It’s completely understandable. If you’re a first-time candidate invited to an all-candidates meeting sponsored by a very active and vocal advocacy group, you might think twice about going.

It’s completely understandable.

If you’re a first-time candidate invited to an all-candidates meeting sponsored by a very active and vocal advocacy group, you might think twice about going.

And if your party has a position that that advocacy group is strongly opposed to, well, you get the drift.

We hope that was not the reason Steve Darling was apparently double-booked on the evening of April 18 when BROKE hosted its all-candidates meeting (see story on page 9).

But it wouldn’t be the first time a political party decided to play dodgeball with the media and/or the public in an election campaign.

The federal Conservatives were caught red-handed in the last federal election keeping their candidates hidden from the media.

Their strategy was simple: See no candidates, question no candidates, and hope voters believe the ads and vote their prejudices.

It’s a cynical strategy, and it does a great disservice to democracy.

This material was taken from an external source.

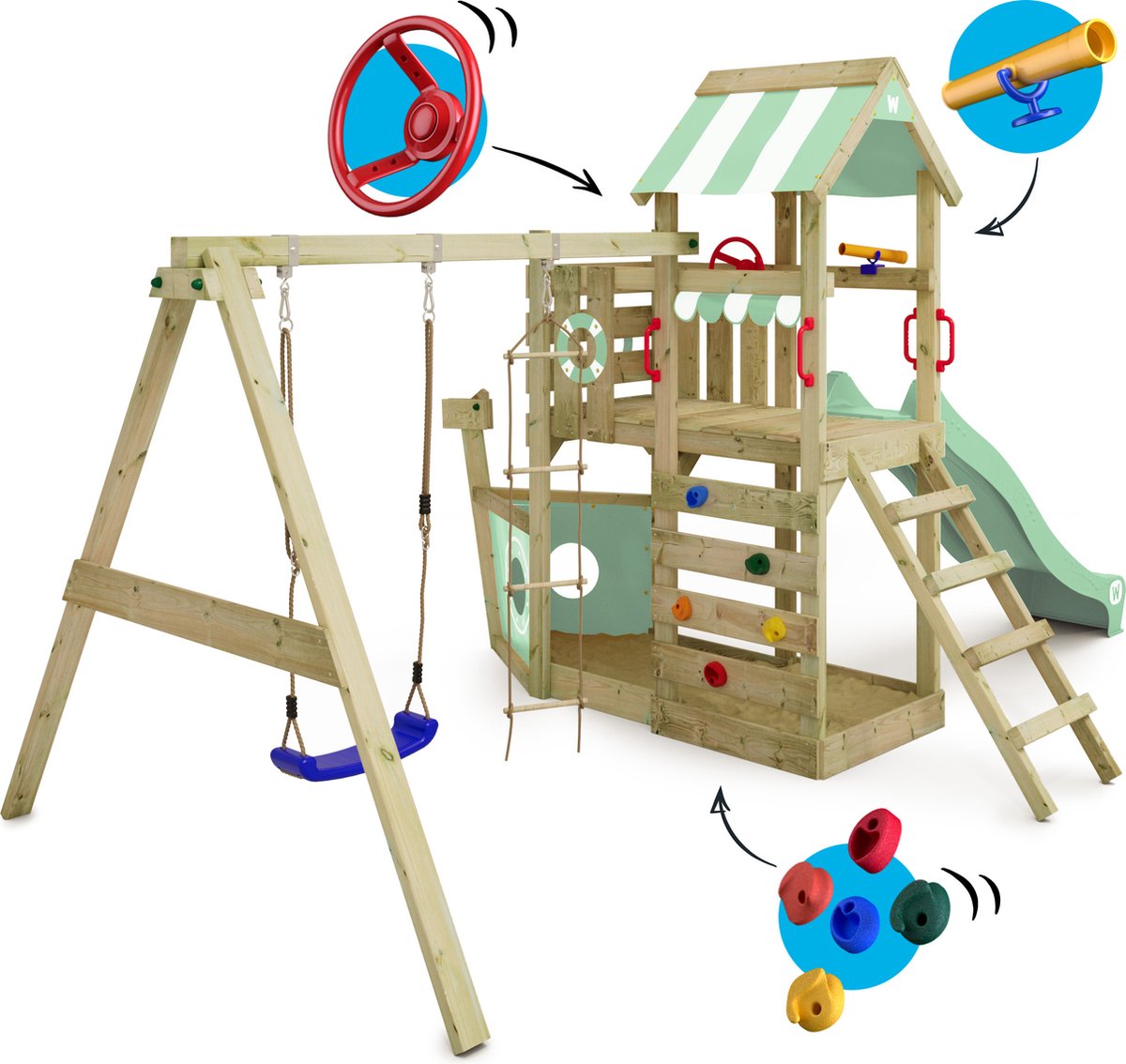 Overzicht:De Wickey SeaFlyer is een fantasierijk speeltoestel dat kinderen meeneemt naar Candy-eiland, ideaal voor Nederlandse gezinnen die buiten spelen waarderen. De schommelbalk is compatibel met een extra schommelhaak en schommelzitje, waardoor het toestel eenvoudig uitbreidbaar is.

And it shows a particular disdain for voters.

There were a couple of other all-candidates meetings in the Lower Mainland last week where the Liberal candidates were no-shows.

We hope this is all a coincidence.

Because if it is some part of a cynical game plan, then that alone should disqualify those candidates from receiving a voter’s support.

 A large part of democracy is just showing up.

It takes guts to run for office and it takes guts to stand up for unpopular positions.

And, yes, newbie candidates will be tested with questions they haven’t yet mastered the answers to. That’s to be expected. But voters understand it takes time to learn all the details, and they understand when a candidate is inexperienced.

What is much harder to understand is how a candidate who is playing hide-and-seek with voters and/or the media can promise to stand up for constituents in their riding when they can’t even face the voters in a campaign.